Dataset entries:

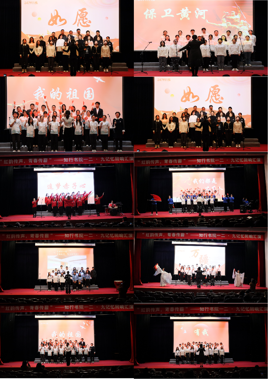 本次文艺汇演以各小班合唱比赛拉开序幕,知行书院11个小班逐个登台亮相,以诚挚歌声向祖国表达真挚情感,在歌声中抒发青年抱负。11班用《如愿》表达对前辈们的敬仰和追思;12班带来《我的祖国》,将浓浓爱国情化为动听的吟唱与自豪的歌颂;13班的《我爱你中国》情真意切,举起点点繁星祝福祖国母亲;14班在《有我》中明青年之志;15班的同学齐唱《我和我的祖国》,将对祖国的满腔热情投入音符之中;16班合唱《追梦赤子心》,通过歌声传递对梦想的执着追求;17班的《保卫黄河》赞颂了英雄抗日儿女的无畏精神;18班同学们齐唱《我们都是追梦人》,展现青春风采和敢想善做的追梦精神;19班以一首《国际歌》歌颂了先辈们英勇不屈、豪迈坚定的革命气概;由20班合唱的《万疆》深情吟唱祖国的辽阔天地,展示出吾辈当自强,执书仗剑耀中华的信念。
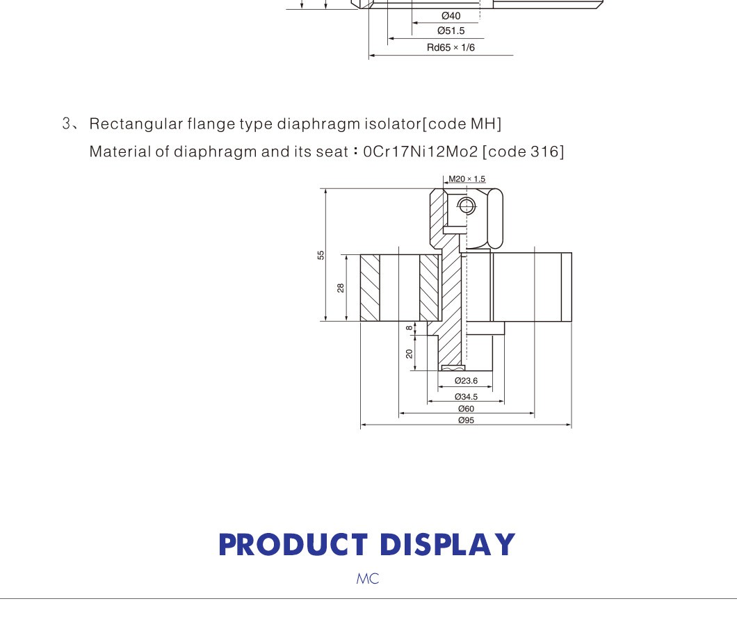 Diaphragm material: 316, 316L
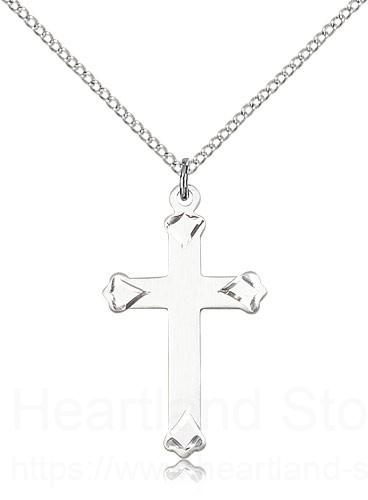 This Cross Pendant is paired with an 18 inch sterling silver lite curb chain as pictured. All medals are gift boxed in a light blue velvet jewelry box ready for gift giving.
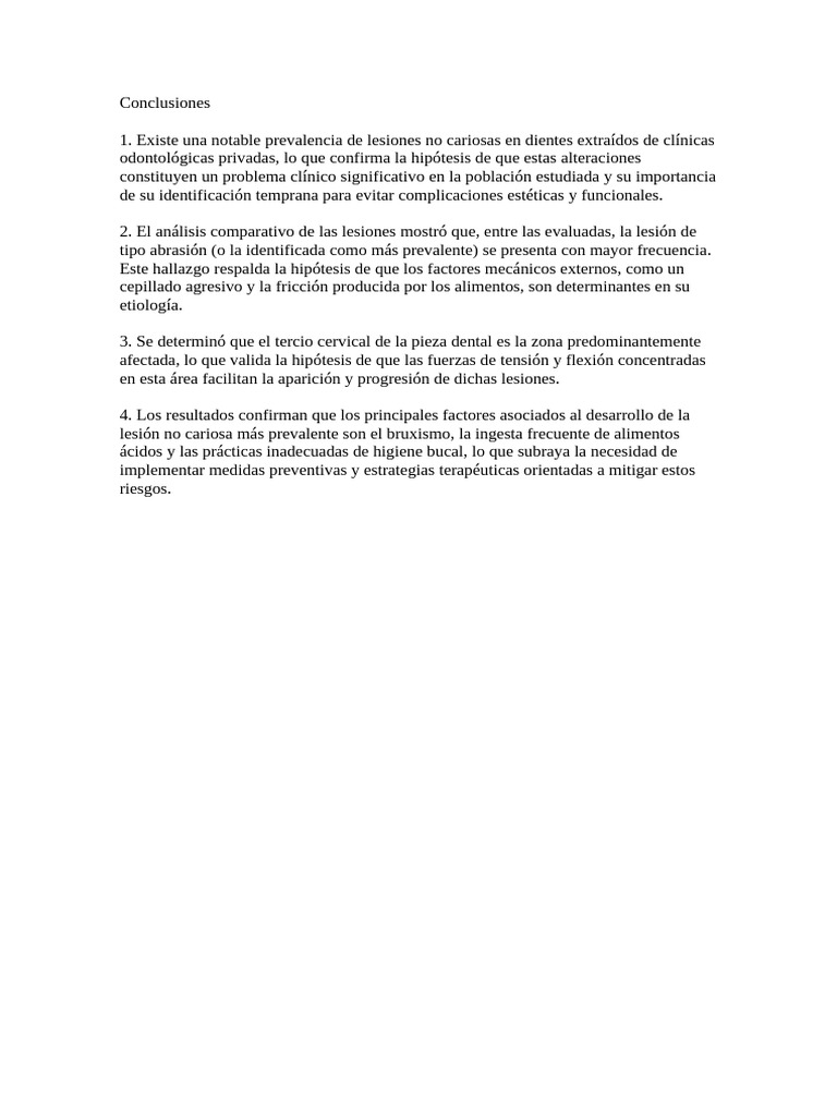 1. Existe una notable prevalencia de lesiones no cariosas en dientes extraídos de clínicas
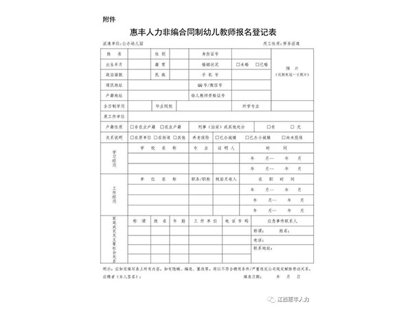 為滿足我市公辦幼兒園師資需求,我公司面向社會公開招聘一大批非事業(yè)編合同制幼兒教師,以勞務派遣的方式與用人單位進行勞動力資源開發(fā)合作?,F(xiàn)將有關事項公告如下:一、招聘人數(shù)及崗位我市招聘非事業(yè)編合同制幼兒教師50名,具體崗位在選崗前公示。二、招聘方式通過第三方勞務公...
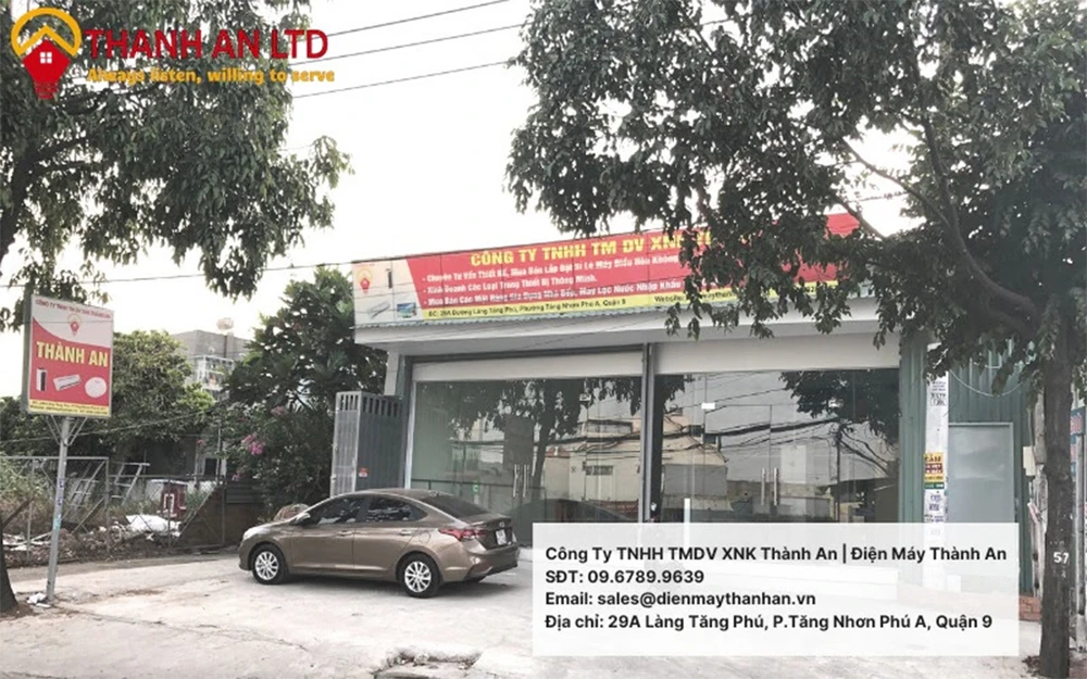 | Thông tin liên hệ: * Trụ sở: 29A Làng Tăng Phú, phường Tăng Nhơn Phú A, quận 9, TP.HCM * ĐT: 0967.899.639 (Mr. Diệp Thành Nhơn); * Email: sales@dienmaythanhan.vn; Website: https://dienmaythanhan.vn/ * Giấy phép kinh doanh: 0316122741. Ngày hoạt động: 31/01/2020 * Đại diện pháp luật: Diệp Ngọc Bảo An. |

• _EXERCISE_: Hand back the records above exactly as they are, pictures excluded.

• _SOLVED PROBLEM_:
 本次文艺汇演以各小班合唱比赛拉开序幕,知行书院11个小班逐个登台亮相,以诚挚歌声向祖国表达真挚情感,在歌声中抒发青年抱负。11班用《如愿》表达对前辈们的敬仰和追思;12班带来《我的祖国》,将浓浓爱国情化为动听的吟唱与自豪的歌颂;13班的《我爱你中国》情真意切,举起点点繁星祝福祖国母亲;14班在《有我》中明青年之志;15班的同学齐唱《我和我的祖国》,将对祖国的满腔热情投入音符之中;16班合唱《追梦赤子心》,通过歌声传递对梦想的执着追求;17班的《保卫黄河》赞颂了英雄抗日儿女的无畏精神;18班同学们齐唱《我们都是追梦人》,展现青春风采和敢想善做的追梦精神;19班以一首《国际歌》歌颂了先辈们英勇不屈、豪迈坚定的革命气概;由20班合唱的《万疆》深情吟唱祖国的辽阔天地,展示出吾辈当自强,执书仗剑耀中华的信念。
 Diaphragm material: 316, 316L
 This Cross Pendant is paired with an 18 inch sterling silver lite curb chain as pictured. All medals are gift boxed in a light blue velvet jewelry box ready for gift giving.
 1. Existe una notable prevalencia de lesiones no cariosas en dientes extraídos de clínicas
 為滿足我市公辦幼兒園師資需求,我公司面向社會公開招聘一大批非事業(yè)編合同制幼兒教師,以勞務派遣的方式與用人單位進行勞動力資源開發(fā)合作?,F(xiàn)將有關事項公告如下:一、招聘人數(shù)及崗位我市招聘非事業(yè)編合同制幼兒教師50名,具體崗位在選崗前公示。二、招聘方式通過第三方勞務公...
 | Thông tin liên hệ: * Trụ sở: 29A Làng Tăng Phú, phường Tăng Nhơn Phú A, quận 9, TP.HCM * ĐT: 0967.899.639 (Mr. Diệp Thành Nhơn); * Email: sales@dienmaythanhan.vn; Website: https://dienmaythanhan.vn/ * Giấy phép kinh doanh: 0316122741. Ngày hoạt động: 31/01/2020 * Đại diện pháp luật: Diệp Ngọc Bảo An. |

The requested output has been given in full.